Listed records
━━━
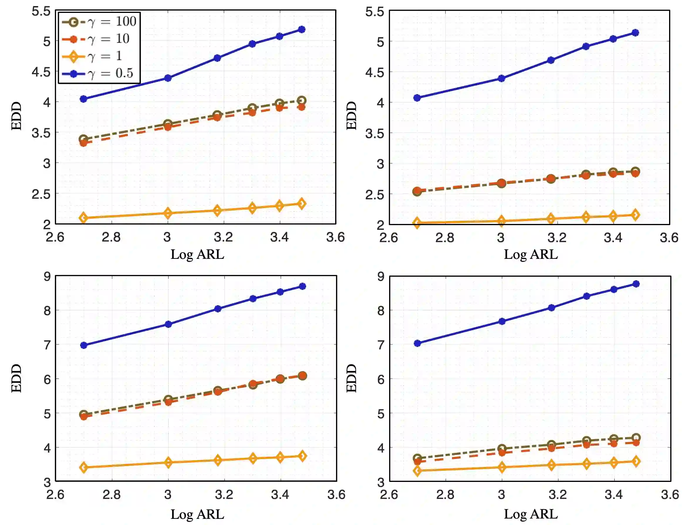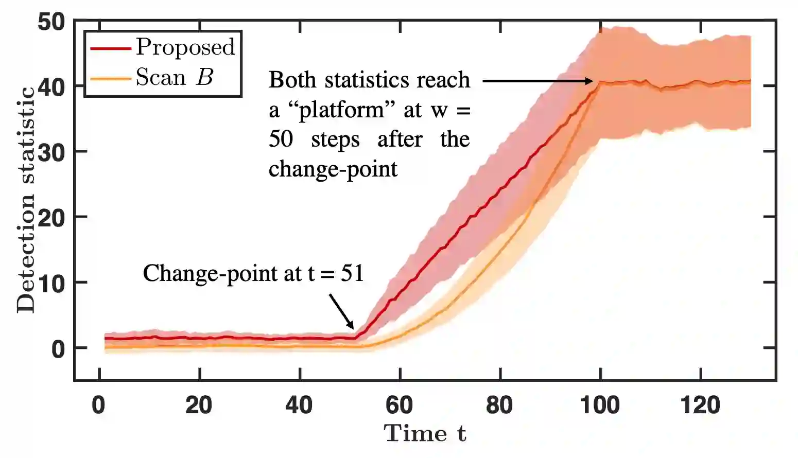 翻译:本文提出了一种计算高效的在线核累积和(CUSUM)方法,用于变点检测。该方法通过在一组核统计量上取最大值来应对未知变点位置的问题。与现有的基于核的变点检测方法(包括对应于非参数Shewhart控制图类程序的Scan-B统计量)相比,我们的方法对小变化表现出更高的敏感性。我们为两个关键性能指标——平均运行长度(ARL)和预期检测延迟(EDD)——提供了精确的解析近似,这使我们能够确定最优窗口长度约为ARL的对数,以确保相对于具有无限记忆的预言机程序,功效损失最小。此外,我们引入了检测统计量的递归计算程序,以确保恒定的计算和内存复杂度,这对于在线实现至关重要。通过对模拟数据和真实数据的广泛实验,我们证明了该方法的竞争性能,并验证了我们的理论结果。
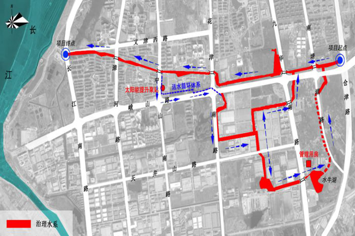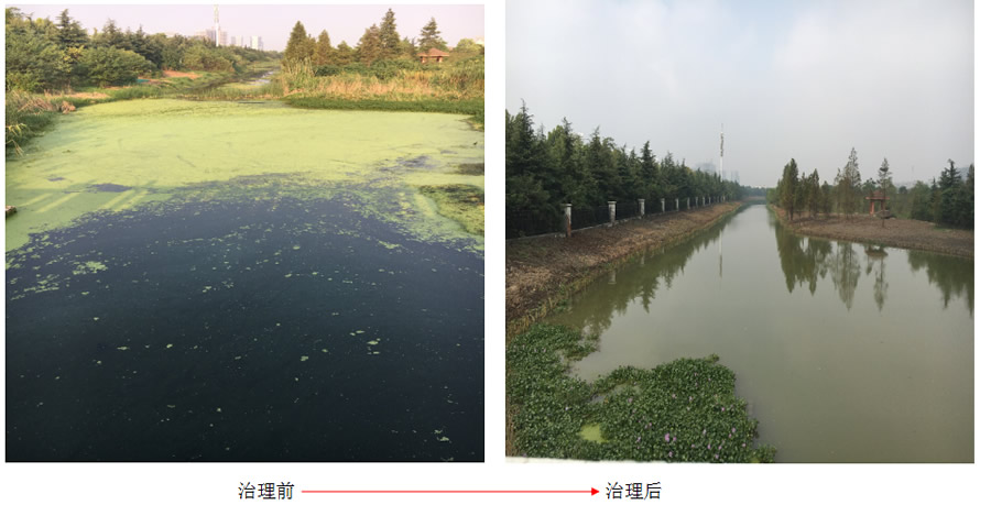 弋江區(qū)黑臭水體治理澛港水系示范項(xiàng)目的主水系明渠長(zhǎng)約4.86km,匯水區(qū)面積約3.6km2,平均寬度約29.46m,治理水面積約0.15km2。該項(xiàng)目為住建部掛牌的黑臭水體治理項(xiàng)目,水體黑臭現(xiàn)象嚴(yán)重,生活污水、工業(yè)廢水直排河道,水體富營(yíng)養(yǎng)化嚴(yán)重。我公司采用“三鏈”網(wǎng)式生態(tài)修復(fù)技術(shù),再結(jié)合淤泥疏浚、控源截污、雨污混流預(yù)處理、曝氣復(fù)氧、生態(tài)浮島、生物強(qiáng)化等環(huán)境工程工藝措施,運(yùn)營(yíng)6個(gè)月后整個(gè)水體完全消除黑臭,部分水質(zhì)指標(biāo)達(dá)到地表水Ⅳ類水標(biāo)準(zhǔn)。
━━━
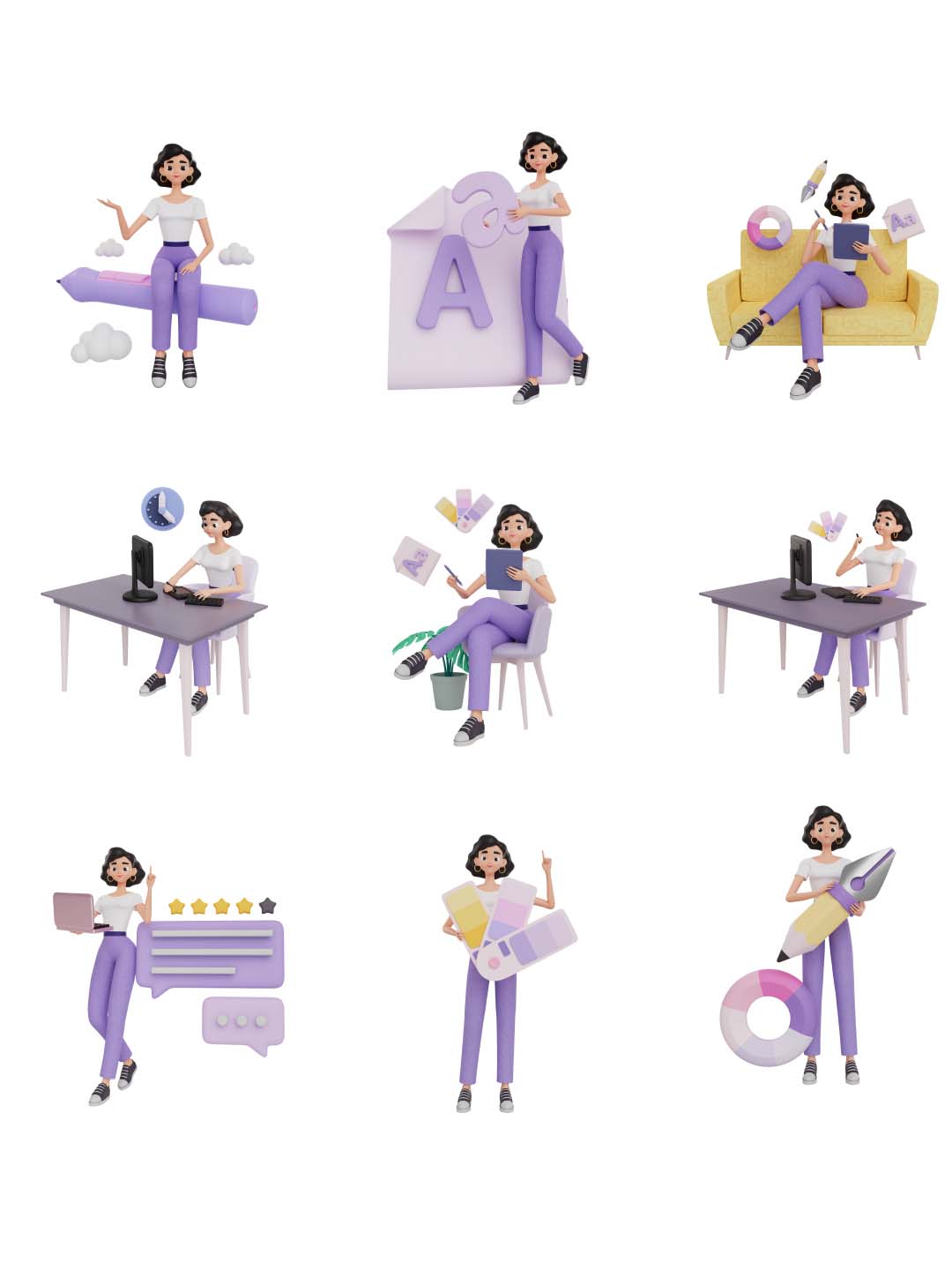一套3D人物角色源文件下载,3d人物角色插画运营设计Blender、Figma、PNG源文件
━━━
Problem statement
Here the job is to copy the stretch of records from the line containing "翻译:本文提出了一种计算高效" through the line containing "弋江區(qū)黑臭水體治理澛", word for word. Leave every picture out.

Reply to the task
 翻译:本文提出了一种计算高效的在线核累积和(CUSUM)方法,用于变点检测。该方法通过在一组核统计量上取最大值来应对未知变点位置的问题。与现有的基于核的变点检测方法(包括对应于非参数Shewhart控制图类程序的Scan-B统计量)相比,我们的方法对小变化表现出更高的敏感性。我们为两个关键性能指标——平均运行长度(ARL)和预期检测延迟(EDD)——提供了精确的解析近似,这使我们能够确定最优窗口长度约为ARL的对数,以确保相对于具有无限记忆的预言机程序,功效损失最小。此外,我们引入了检测统计量的递归计算程序,以确保恒定的计算和内存复杂度,这对于在线实现至关重要。通过对模拟数据和真实数据的广泛实验,我们证明了该方法的竞争性能,并验证了我们的理论结果。
 弋江區(qū)黑臭水體治理澛港水系示范項(xiàng)目的主水系明渠長(zhǎng)約4.86km,匯水區(qū)面積約3.6km2,平均寬度約29.46m,治理水面積約0.15km2。該項(xiàng)目為住建部掛牌的黑臭水體治理項(xiàng)目,水體黑臭現(xiàn)象嚴(yán)重,生活污水、工業(yè)廢水直排河道,水體富營(yíng)養(yǎng)化嚴(yán)重。我公司采用“三鏈”網(wǎng)式生態(tài)修復(fù)技術(shù),再結(jié)合淤泥疏浚、控源截污、雨污混流預(yù)處理、曝氣復(fù)氧、生態(tài)浮島、生物強(qiáng)化等環(huán)境工程工藝措施,運(yùn)營(yíng)6個(gè)月后整個(gè)水體完全消除黑臭,部分水質(zhì)指標(biāo)達(dá)到地表水Ⅳ類水標(biāo)準(zhǔn)。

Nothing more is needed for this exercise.